On November 19, the U.S. Food and Drug Administration (FDA) granted accelerated approval to sevabertinib (Hyrnuo), a kinase inhibitor, for adults with locally advanced or metastatic nonsquamous non–small cell lung cancer (NSCLC) whose tumors have HER2 tyrosine kinase domain (TKD) activating mutations, as detected by an FDA-approved test, and who have received a prior systemic therapy.
The FDA also approved the Oncomine Dx Target Test (Life Technologies Corporation) as a companion diagnostic device to aid in detecting HER2 TKD activating mutations in patients with nonsquamous NSCLC who may be eligible for treatment with sevabertinib.
SOHO-01
Efficacy was evaluated in patients with unresectable or metastatic nonsquamous NSCLC with HER2 TKD activating mutations who had received prior systemic therapy and received sevabertinib in SOHO-01 (ClinicalTrials.gov identifier NCT05099172), an open-label, single-arm, multicenter, multicohort clinical trial. HER2 activating mutations were determined in tumor tissue or plasma by local laboratories prior to enrollment.

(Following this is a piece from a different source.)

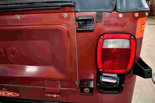 This Jeep is running Great. I bought this Jeep in 1994. I am always adding upgrades - too many to list. The Jeep is Burgundy and Orange in color and the paint job is in good condition - All original paint and striping. The Jeep has a great combination of tactical upgrades while keeping the "stock" look and feel. I added an over-sized ignition system and spark plugs for more horsepower and better mileage. Interior is Rhino-Lined. Plastic Valve Cover has been replaced with a Stainless Steel cover. Jeep has new Maxxiss Mudder tires and a new soft top. It also has stereo system with wake board speakers on roll bar. Great sound while on the road without a top. Fully adjustable shocks allow for towing or off road use.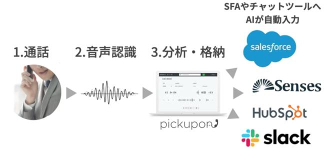 「pickupon」は、AIが電話で話した内容のサマリーをテキスト×音声で作成し、自動入力・共有してくれるサービスです。入力を意識せず、顧客との会話内容をチームのワークスペース(CRM・SFAなど)へシェアします。これにより、営業の架電シーンにおける入力漏れを防ぎ、入力コストを削減し、営業活動のブラックボックス化問題を解決します。当サービスは2019年9月の提供開始以来、スタートアップ企業を中心にユーザー数が増加し続けています。

The major efficacy outcome measures were confirmed objective response rate and duration of response as assessed by blinded independent central review using Response Evaluation Criteria in Solid Tumors version 1.1. Among 70 patients with locally advanced or metastatic NSCLC with HER2 TKD activating mutations who had received prior systemic therapy but were naive to therapy targeting HER2 mutations, the objective response rate was 71% (95% confidence interval [CI] = 59%–82%), with a median duration of response of 9.2 months (95% CI = 6.3–15.0 months), and 54% of responding patients having a duration of response lasting ≥ 6 months.
Among 52 patients with locally advanced or metastatic NSCLC with HER2 TKD activating mutations who had received prior systemic therapy, including HER2-targeted antibody-drug conjugates, the objective response rate was 38% (95% CI = 25%–53%), with a median duration of response of 7.0 months (95% CI = 5.6 months to not evaluable), and 60% of responding patients having a duration of response lasting ≥ 6 months.
The prescribing information for sevabertinib includes warnings and precautions for diarrhea, hepatotoxicity, interstitial lung disease/pneumonitis, ocular toxicity, pancreatic enzyme elevation, and embryo-fetal toxicity.
The recommended sevabertinib dose is 20 mg orally twice daily with food until disease progression or unacceptable toxicity.
This review was conducted under Project Orbis, an initiative of the FDA Oncology Center of Excellence which provides a framework for concurrent submission and review of oncology drugs among international partners. For this review, the FDA collaborated with Health Canada, Israel’s Ministry of Health, and the United Kingdom’s Medicines and Healthcare products Regulatory Agency. The application reviews are ongoing at the other regulatory agencies.
This review used the Assessment Aid, a voluntary submission from the applicant to facilitate the FDA’s assessment.
This application was granted Priority Review. Sevabertinib received Breakthrough Therapy Designation and Orphan Drug designation.